● Exercise description
Your answer must be the data repeated exactly, with no pictures in it.

● Collected material
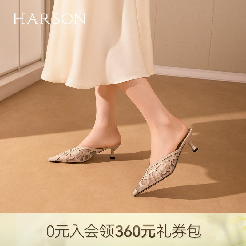 哈森时尚网纱镂空高跟鞋尖头细跟包头时装拖鞋2026新款HWM260110
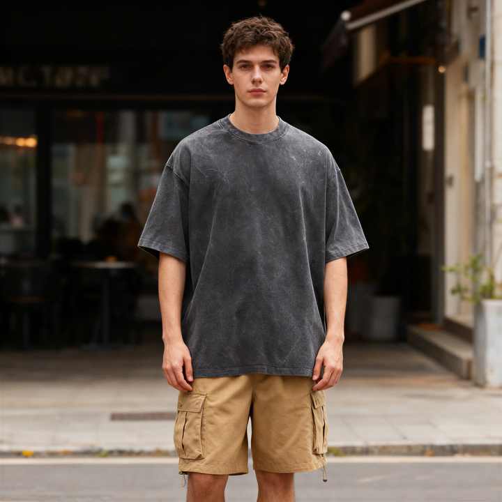เสื้อยืดโอเวอร์ไซส์ลายกราฟิกสตรีทแวร์ TKAN587D พิมพ์ลายตามสั่ง เสื้อผ้าผู้ชายแบบเปล่า ล้างสีแบบแอซิดวอช ผ้าฝ้าย 100% เนื้อหนา
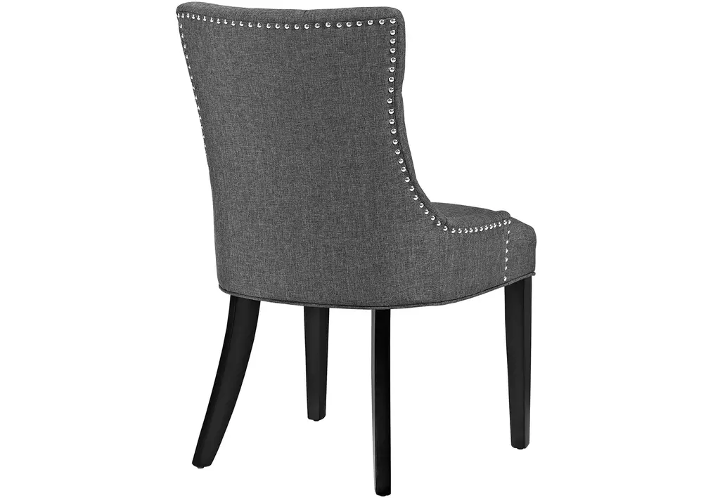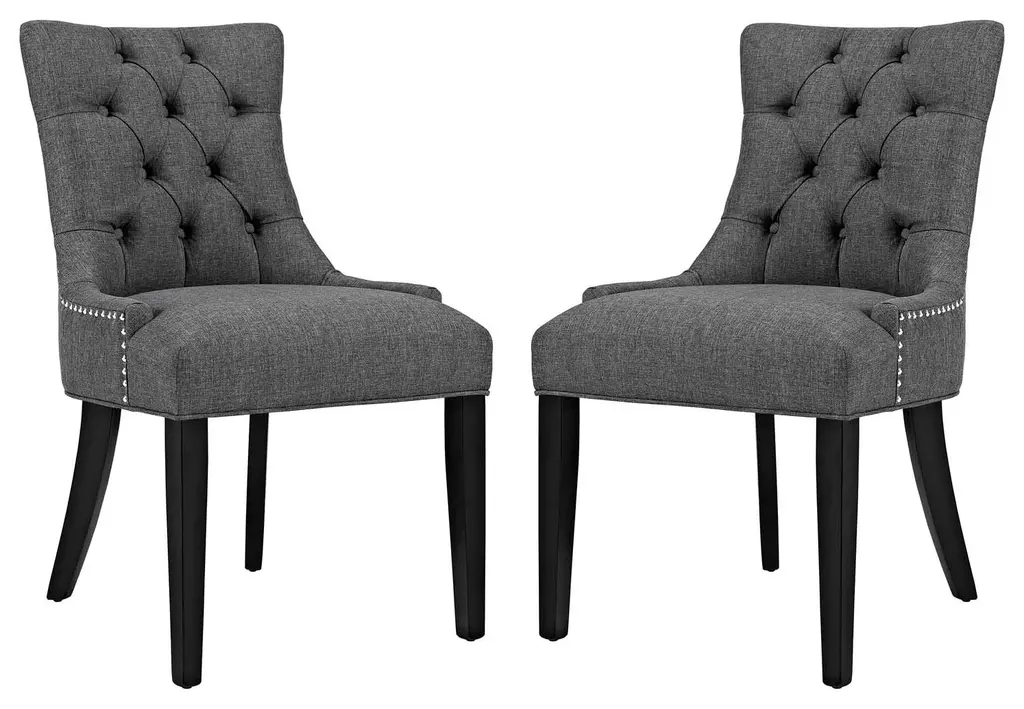 Transport your decor to a simpler time with the Regent Dining Side Chair. Fashioned with a chic and elegant look, Regent features finely tufted buttons, studded nailhead trim, and a regal seat generously padded in foam and upholstered in polyester fabric. Regent comes with non-marking foot caps, tapered wood legs, and works well in both modern and traditional dining rooms.Bullet Features:Solid Wood FrameBlack Rubberwood LegsDense Foam Padding for ComfortStudded Nailhead TrimElegant Tapered LegsNon-Marking Foot CapsAssembly RequiredSet Includes:Two - Regent Dining ChairProduct Dimensions:Overall Dining Chair Dimensions: 25"L x 22"W x 36"HSeat Dimensions: 18.5"L x 21"W x 20.5"HOverall Product Dimensions: 25"L x 44"W x 36"H

● Answer box
 哈森时尚网纱镂空高跟鞋尖头细跟包头时装拖鞋2026新款HWM260110
เสื้อยืดโอเวอร์ไซส์ลายกราฟิกสตรีทแวร์ TKAN587D พิมพ์ลายตามสั่ง เสื้อผ้าผู้ชายแบบเปล่า ล้างสีแบบแอซิดวอช ผ้าฝ้าย 100% เนื้อหนา
 Transport your decor to a simpler time with the Regent Dining Side Chair. Fashioned with a chic and elegant look, Regent features finely tufted buttons, studded nailhead trim, and a regal seat generously padded in foam and upholstered in polyester fabric. Regent comes with non-marking foot caps, tapered wood legs, and works well in both modern and traditional dining rooms.Bullet Features:Solid Wood FrameBlack Rubberwood LegsDense Foam Padding for ComfortStudded Nailhead TrimElegant Tapered LegsNon-Marking Foot CapsAssembly RequiredSet Includes:Two - Regent Dining ChairProduct Dimensions:Overall Dining Chair Dimensions: 25"L x 22"W x 36"HSeat Dimensions: 18.5"L x 21"W x 20.5"HOverall Product Dimensions: 25"L x 44"W x 36"H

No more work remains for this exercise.